In this study, we provide an automatic lumbar localization method efficient for abnormal vertebrae based on the local context information of lumbar MR images. The localization results indicate the efficiency of the proposed method for lumbar vertebrae with various abnormalities.
The dataset consists of 100 MRI T2-weighted lumbar scans, acquired under various protocols. The scans contain normal and various abnormal cases. The dataset is split into 22 training and 78 testing images. The scans range in fields of view, containing 7–12 vertebrae starting from the sacrum, with median at 8 per scan. The images were hand-annotated with ground truth as the detection results in Figure1a.
Candidate detection
The vertebrae detection is implemented using a detector constituting latent SVMs on Histogram of Oriented Gradients (HOG) descriptors3. We learn one generic 2D detector for vertebrae bodies (VBs), trained on all VBs in all the training images. For the VB detector, one HOG templates with six parts filters is trained, and the HOG cell size is 8×8 pixels. An iterative learning procedure is employed to pick hard negatives as false positive detections on the negative training images without VBs. During the test time of candidate detection, a sagittal scan is taken as input, and tight bounding boxes around vertebrae candidates are returned as output. Next, a conventional greedy non-maximum suppression (cNMS) algorithm and a modified NMS (mNMS) are employed to remove most of the false positive detections. The mNMS is employed after cNMS as follows to remove the false positive detections with less or no overlapping with any another detection, such as processus spinosus. The lower scoring detection is removed if two bounding boxes overlap 50% along the vertical direction in a sagittal image instead of area.
Detection correction
After candidate detection (Figure1a), we need detection correction since the result of the HOG detector is imperfect, containing missing VBs such as that with schmorl node and severe Modic changes. In order to fill missed vertebrae, a spine center curve is extracted according to all detected vertebra candidates (Figure1b).
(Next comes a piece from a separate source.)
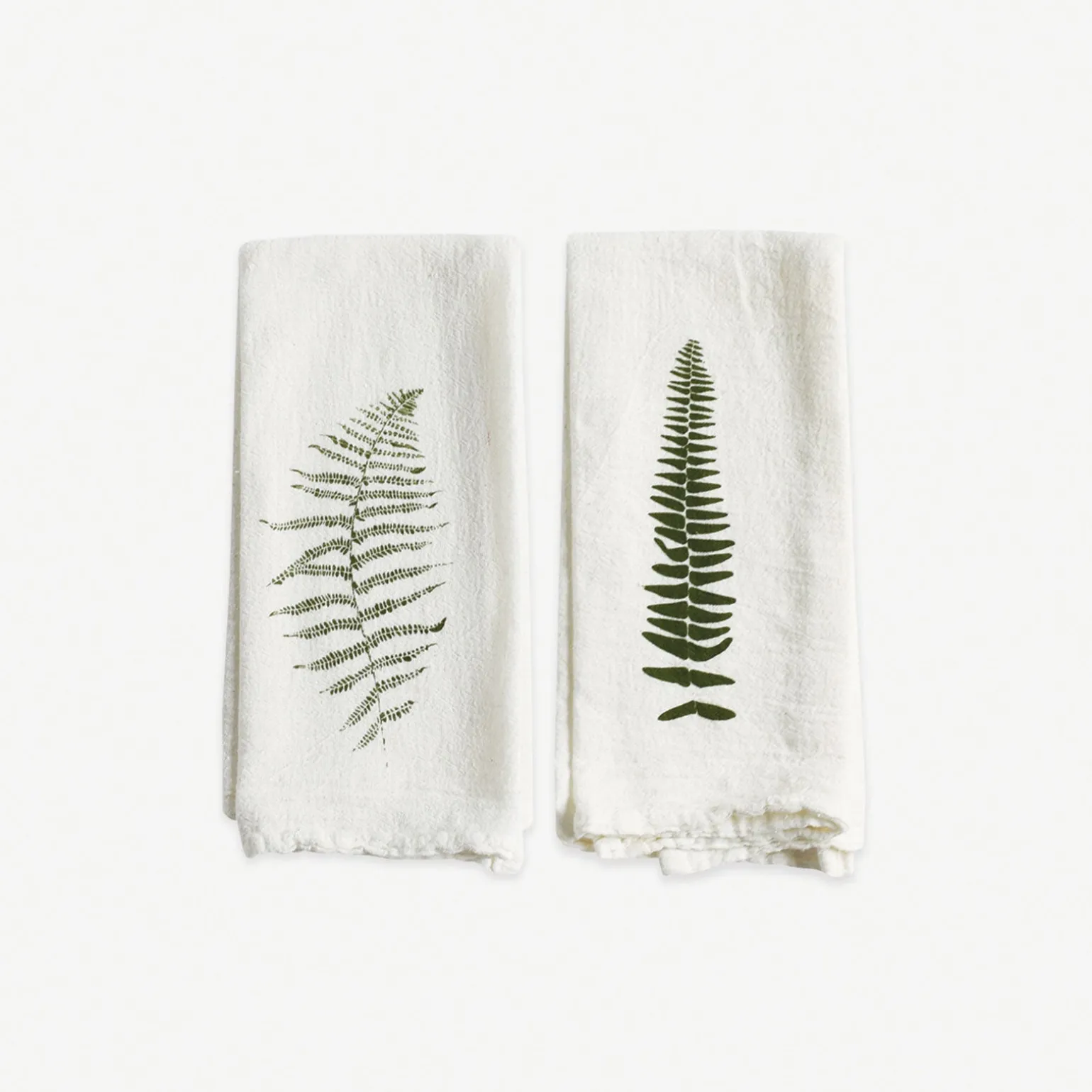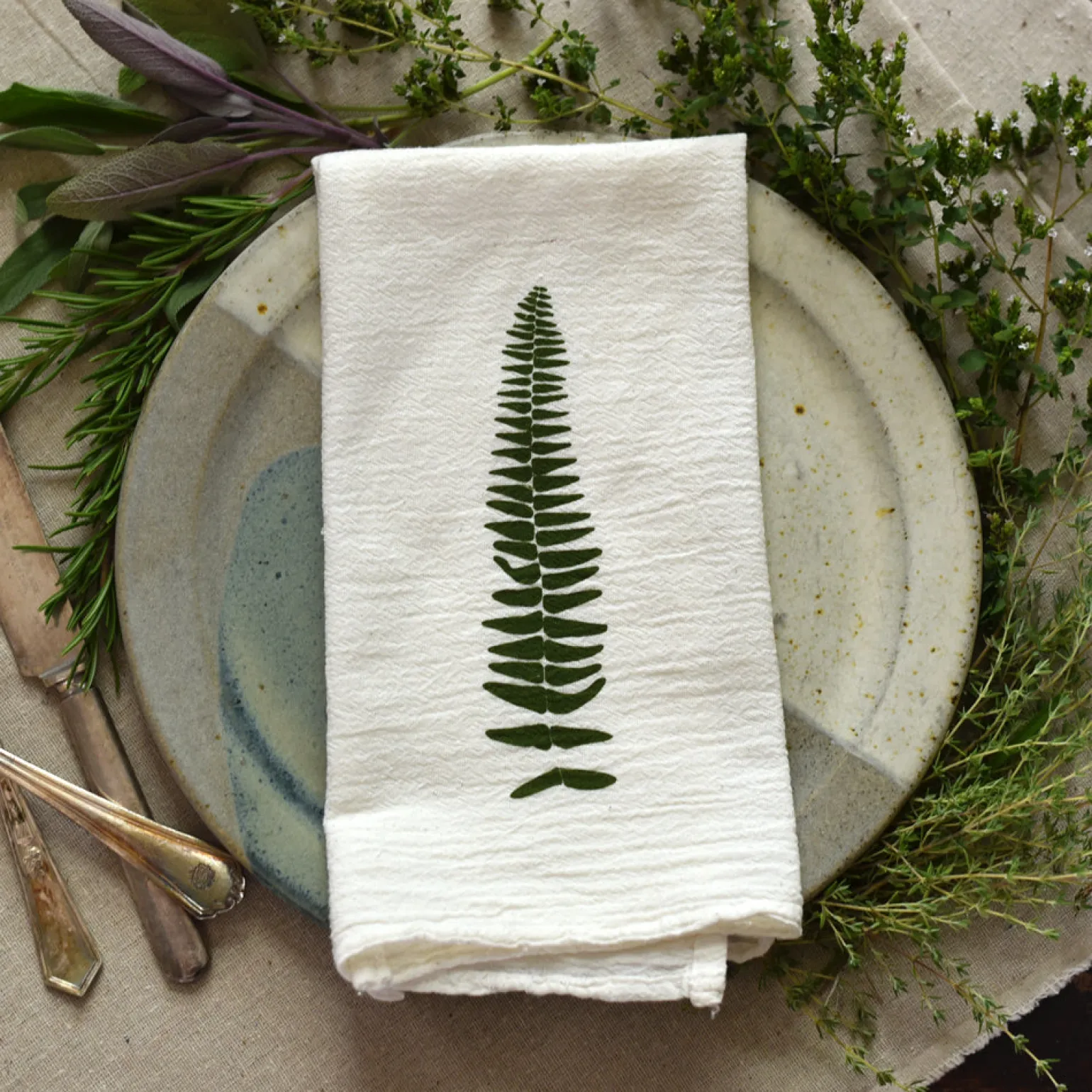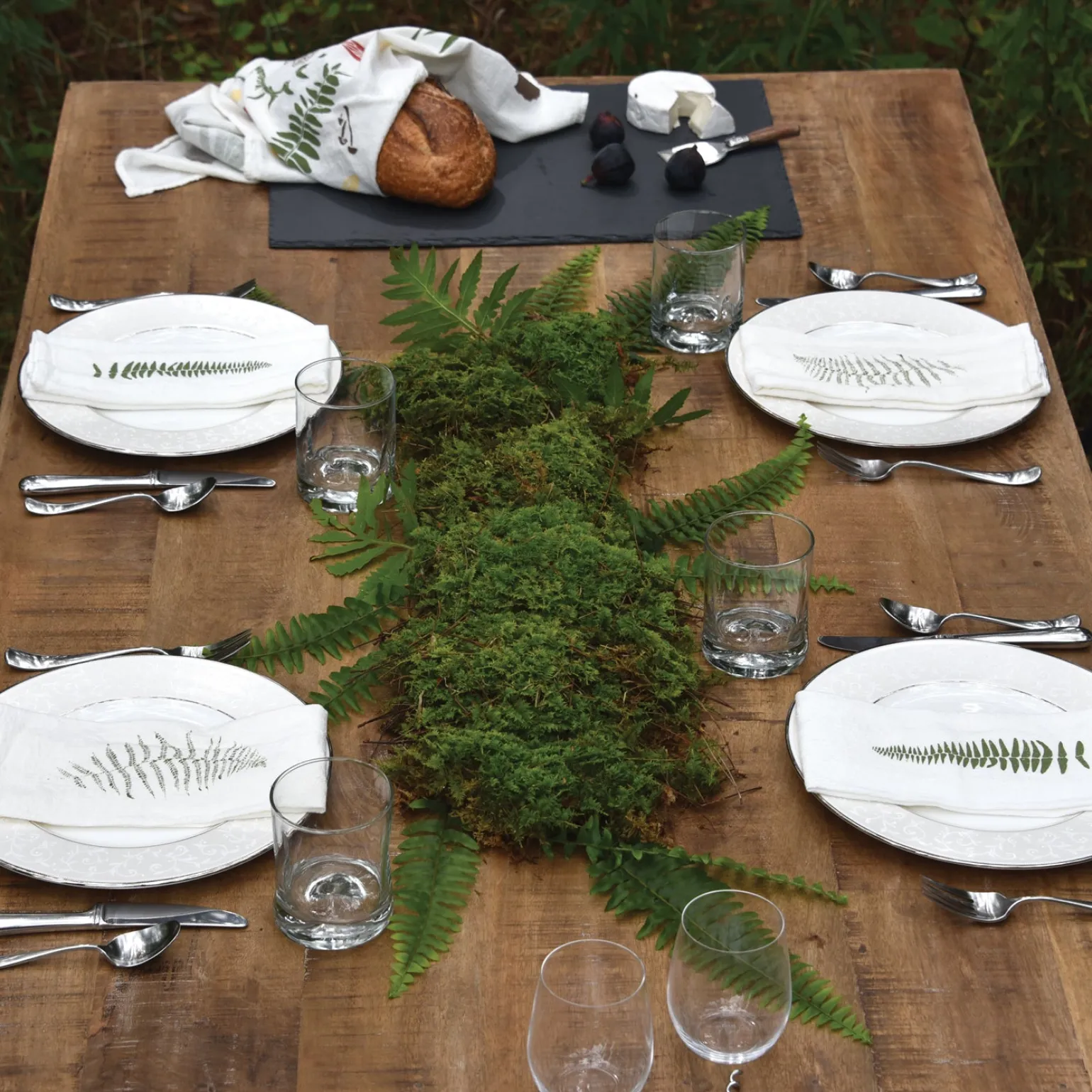 Add some forest pretties to your table with our wood fern + resurrection fern napkins. These napkins are extremely soft and absorbent, meaning they work just like you want your napkins to. Plus, they are safe to bleach, making them perfect for the messiest of dinners!

For each point on this curve, we calculate the average intensity over nearest 30 pixels on their respective normals. Then using this intensity curve (Figure1e) along spine center curve, local minimum under 0.1 in the intensity-normalized image can be seen as locations of each Anulus Fibrosus, then the disc center locations are obtained on vertical axis, as in Figure1e. Combining the locations on horizontal axis and vertical axis, the candidate locations of each disc is got on the chosen sagittal slice, as in Figure1f. Then the center of every two candidate disc locations is selected as the candidate locations of each VB (Figure1g). The missing VB candidates can be retrieved according the locations by comparing the candidates detected by HOG detector and the corrected ones (Figure1c). After candidate detection and correction, the bottom location is considered as the fifth lumbar (L5) VB since the sacrum vertebrae is not detected, and then the L1-L4 VB are localized successively (Figure1d). The main framework is shown in the Figure1.
[1] Cheung K M C, et al. Spine, 2009, 34(9): 934-940.
[2] Rak M, et al. IJCARS, 2016, 11(8): 1445-1465.
[3] Felzenszwalb P F, et al. TPAMI, 2010, 32(9): 1627-1645.